• [DATASET EXTRACT]:

####

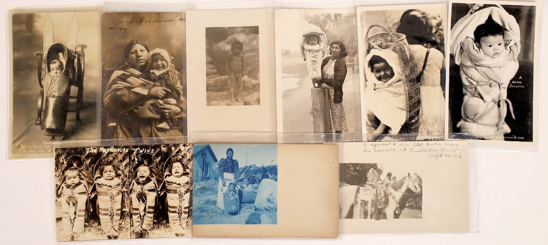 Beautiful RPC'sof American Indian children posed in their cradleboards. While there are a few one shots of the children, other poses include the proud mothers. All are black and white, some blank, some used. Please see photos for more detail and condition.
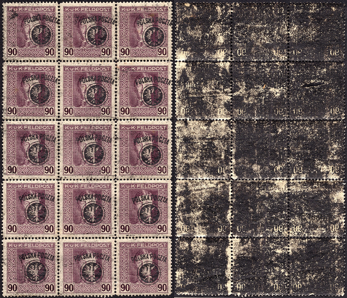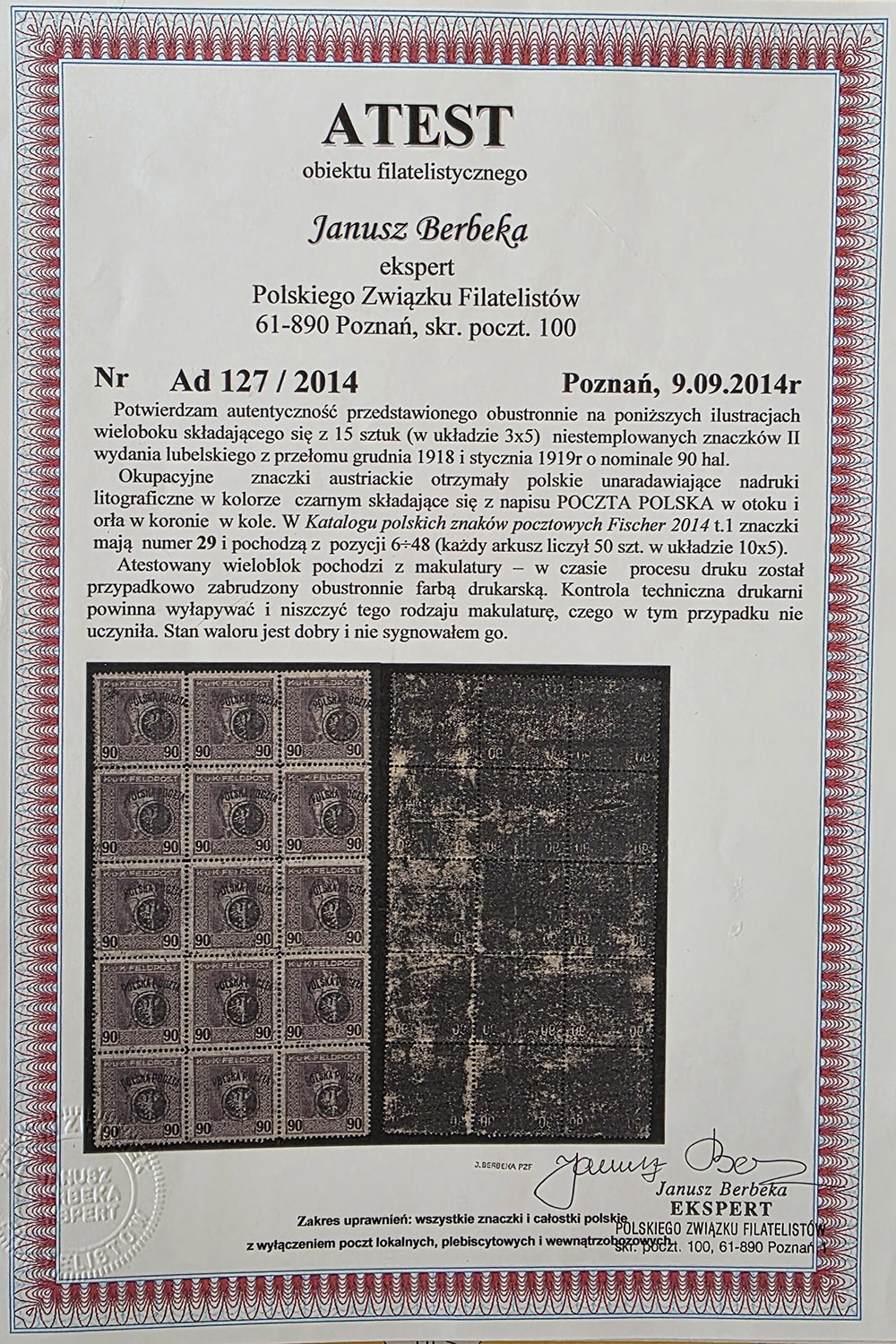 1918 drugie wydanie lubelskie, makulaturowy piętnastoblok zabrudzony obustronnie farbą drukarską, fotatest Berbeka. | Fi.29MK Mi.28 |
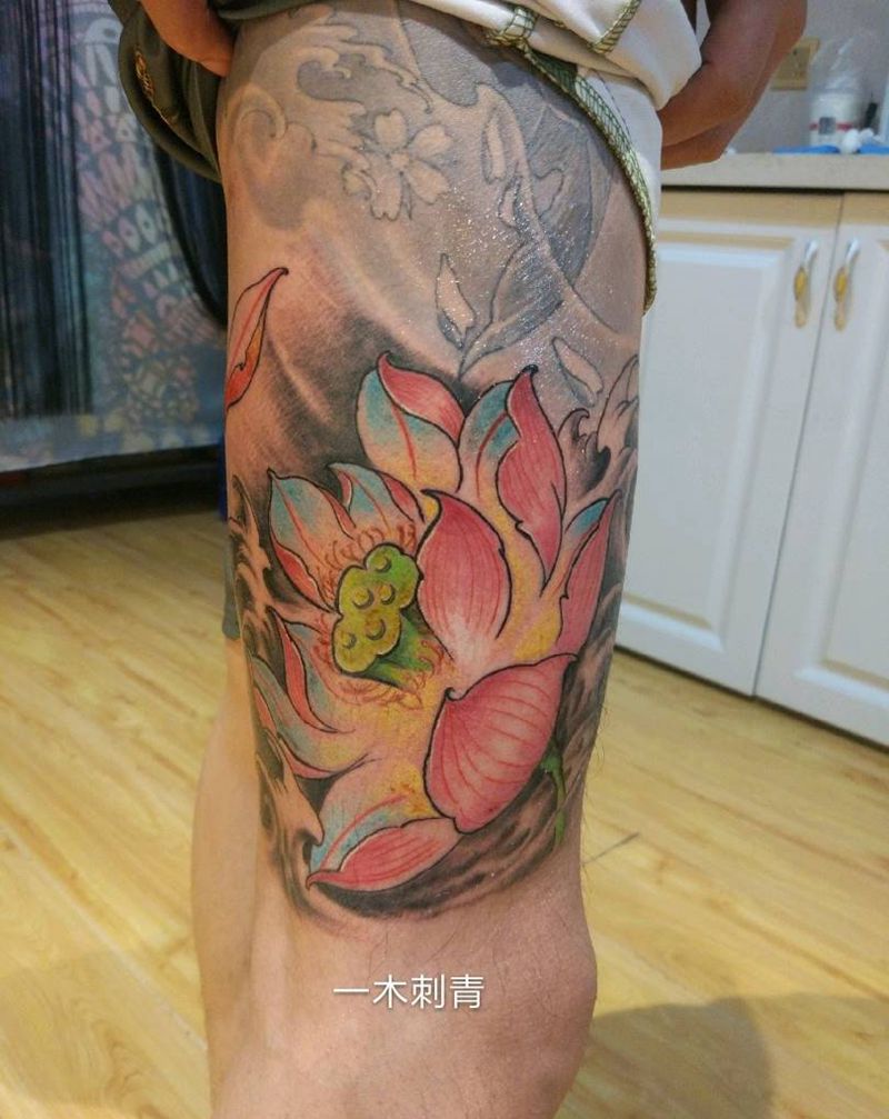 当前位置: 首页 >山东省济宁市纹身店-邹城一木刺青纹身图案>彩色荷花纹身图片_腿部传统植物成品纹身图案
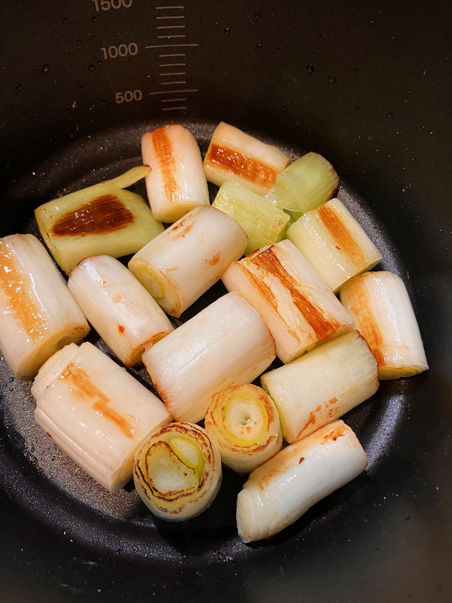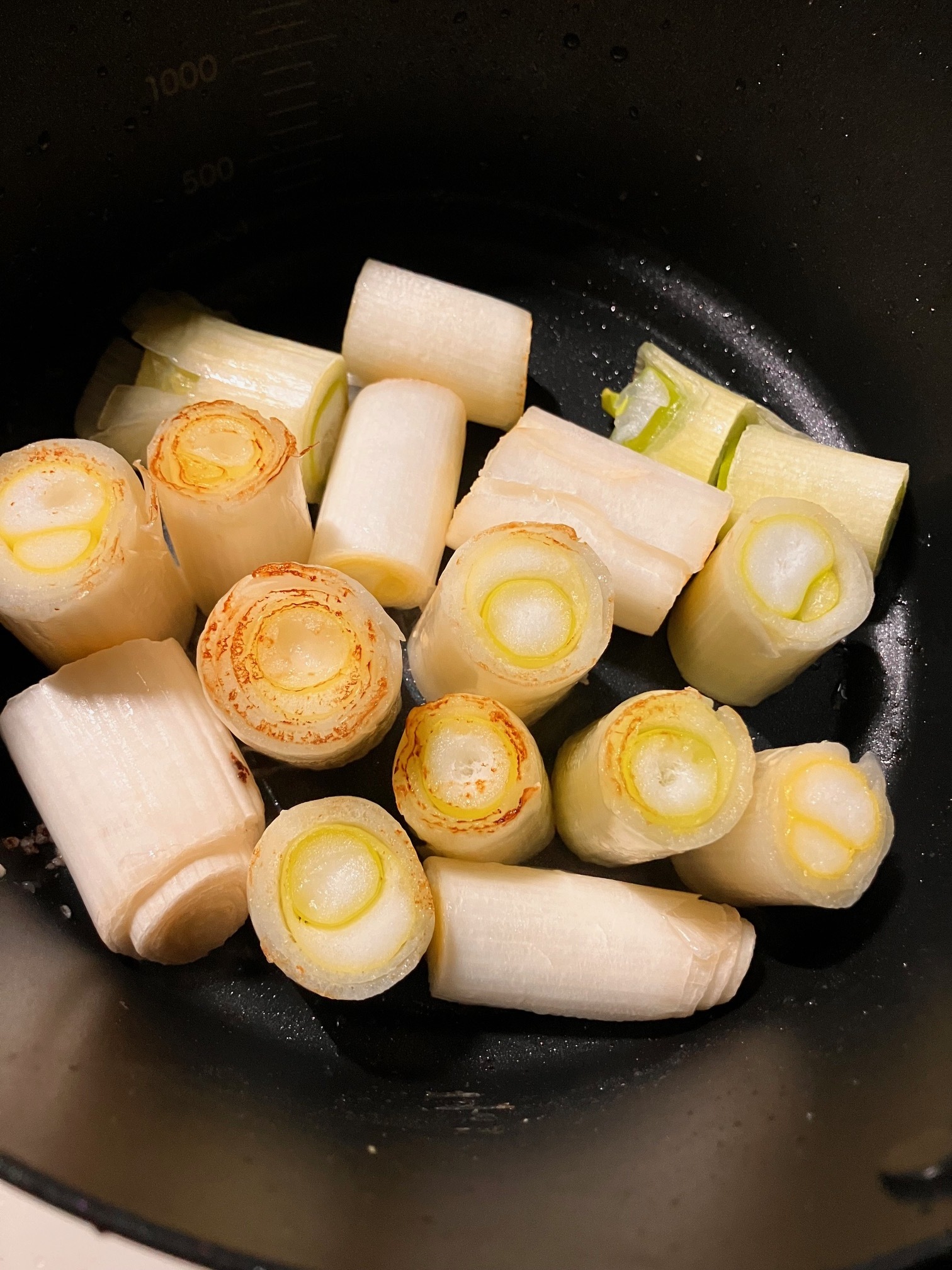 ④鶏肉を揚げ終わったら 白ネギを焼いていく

####

• [WORK ORDER]:
Skip the pictures, please, and transcribe only the lines from the beginning of the material through the one that contains "1918 drugie wydanie".

• [TASK OUTPUT]:
 Beautiful RPC'sof American Indian children posed in their cradleboards. While there are a few one shots of the children, other poses include the proud mothers. All are black and white, some blank, some used. Please see photos for more detail and condition.
 1918 drugie wydanie lubelskie, makulaturowy piętnastoblok zabrudzony obustronnie farbą drukarską, fotatest Berbeka. | Fi.29MK Mi.28 |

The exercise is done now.